Saved data entries
· · · · · · ·

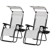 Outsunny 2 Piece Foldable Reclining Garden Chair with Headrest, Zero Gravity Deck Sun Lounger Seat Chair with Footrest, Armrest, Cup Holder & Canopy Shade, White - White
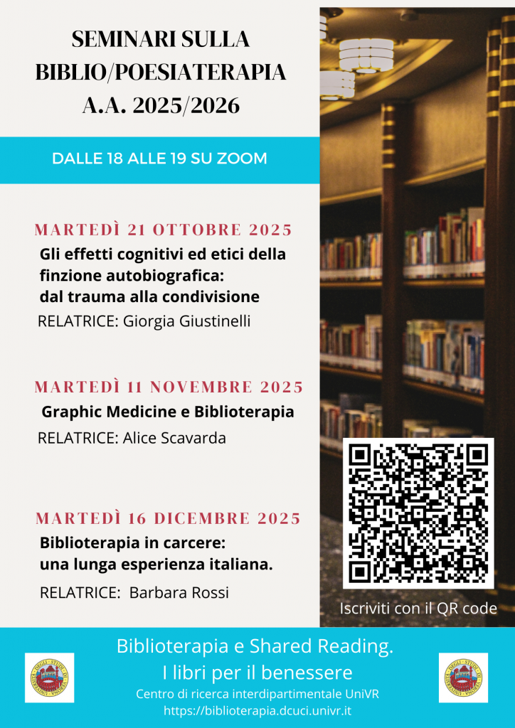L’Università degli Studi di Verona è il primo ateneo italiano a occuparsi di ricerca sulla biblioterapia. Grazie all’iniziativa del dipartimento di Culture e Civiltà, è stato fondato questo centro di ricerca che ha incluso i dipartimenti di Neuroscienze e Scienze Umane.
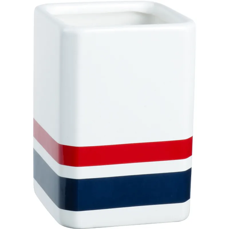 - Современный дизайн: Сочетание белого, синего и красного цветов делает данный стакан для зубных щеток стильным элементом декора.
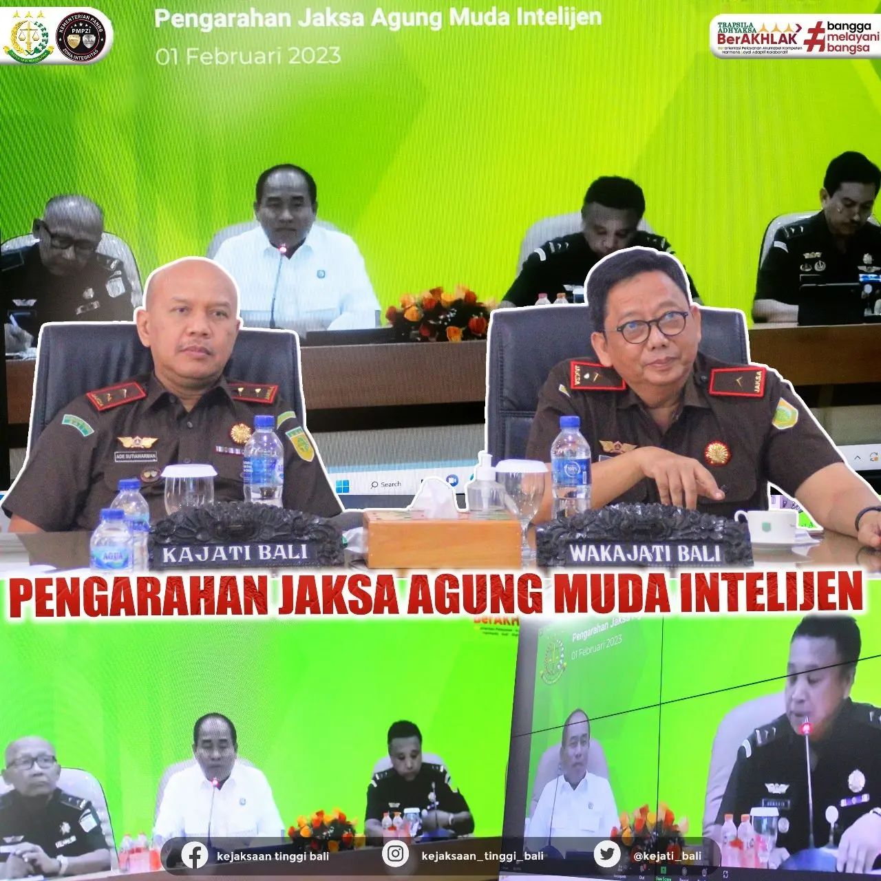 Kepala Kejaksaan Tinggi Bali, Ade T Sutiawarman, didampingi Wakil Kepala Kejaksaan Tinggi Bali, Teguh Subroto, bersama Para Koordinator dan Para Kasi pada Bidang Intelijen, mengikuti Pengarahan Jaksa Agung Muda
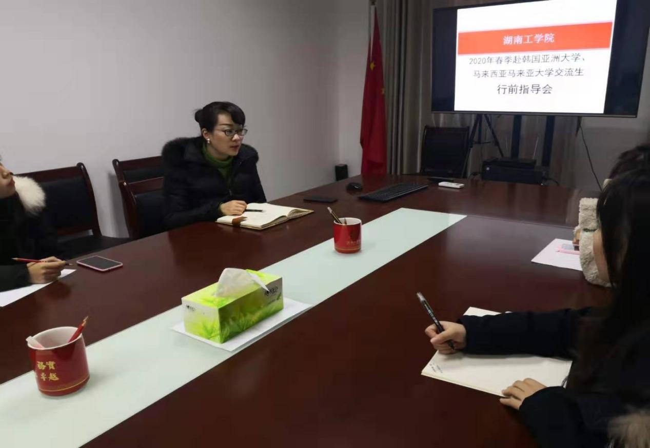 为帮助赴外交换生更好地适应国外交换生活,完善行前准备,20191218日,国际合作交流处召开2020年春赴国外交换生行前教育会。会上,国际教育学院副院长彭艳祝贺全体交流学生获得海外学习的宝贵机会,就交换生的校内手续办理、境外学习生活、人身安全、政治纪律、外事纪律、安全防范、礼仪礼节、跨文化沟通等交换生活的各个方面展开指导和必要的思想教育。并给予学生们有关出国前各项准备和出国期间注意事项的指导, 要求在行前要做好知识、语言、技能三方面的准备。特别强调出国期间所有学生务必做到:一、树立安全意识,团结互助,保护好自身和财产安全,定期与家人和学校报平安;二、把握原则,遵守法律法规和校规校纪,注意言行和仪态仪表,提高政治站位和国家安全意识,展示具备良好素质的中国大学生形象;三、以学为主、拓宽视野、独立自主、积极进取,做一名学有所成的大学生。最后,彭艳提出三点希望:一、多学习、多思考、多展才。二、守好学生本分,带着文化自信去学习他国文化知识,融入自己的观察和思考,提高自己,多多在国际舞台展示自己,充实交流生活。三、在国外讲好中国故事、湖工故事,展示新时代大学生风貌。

· · · · · · ·

Copy out all the entries exactly. Images stay out of the copy.

 Outsunny 2 Piece Foldable Reclining Garden Chair with Headrest, Zero Gravity Deck Sun Lounger Seat Chair with Footrest, Armrest, Cup Holder & Canopy Shade, White - White
L’Università degli Studi di Verona è il primo ateneo italiano a occuparsi di ricerca sulla biblioterapia. Grazie all’iniziativa del dipartimento di Culture e Civiltà, è stato fondato questo centro di ricerca che ha incluso i dipartimenti di Neuroscienze e Scienze Umane.
 - Современный дизайн: Сочетание белого, синего и красного цветов делает данный стакан для зубных щеток стильным элементом декора.
 Kepala Kejaksaan Tinggi Bali, Ade T Sutiawarman, didampingi Wakil Kepala Kejaksaan Tinggi Bali, Teguh Subroto, bersama Para Koordinator dan Para Kasi pada Bidang Intelijen, mengikuti Pengarahan Jaksa Agung Muda
 为帮助赴外交换生更好地适应国外交换生活,完善行前准备,20191218日,国际合作交流处召开2020年春赴国外交换生行前教育会。会上,国际教育学院副院长彭艳祝贺全体交流学生获得海外学习的宝贵机会,就交换生的校内手续办理、境外学习生活、人身安全、政治纪律、外事纪律、安全防范、礼仪礼节、跨文化沟通等交换生活的各个方面展开指导和必要的思想教育。并给予学生们有关出国前各项准备和出国期间注意事项的指导, 要求在行前要做好知识、语言、技能三方面的准备。特别强调出国期间所有学生务必做到:一、树立安全意识,团结互助,保护好自身和财产安全,定期与家人和学校报平安;二、把握原则,遵守法律法规和校规校纪,注意言行和仪态仪表,提高政治站位和国家安全意识,展示具备良好素质的中国大学生形象;三、以学为主、拓宽视野、独立自主、积极进取,做一名学有所成的大学生。最后,彭艳提出三点希望:一、多学习、多思考、多展才。二、守好学生本分,带着文化自信去学习他国文化知识,融入自己的观察和思考,提高自己,多多在国际舞台展示自己,充实交流生活。三、在国外讲好中国故事、湖工故事,展示新时代大学生风貌。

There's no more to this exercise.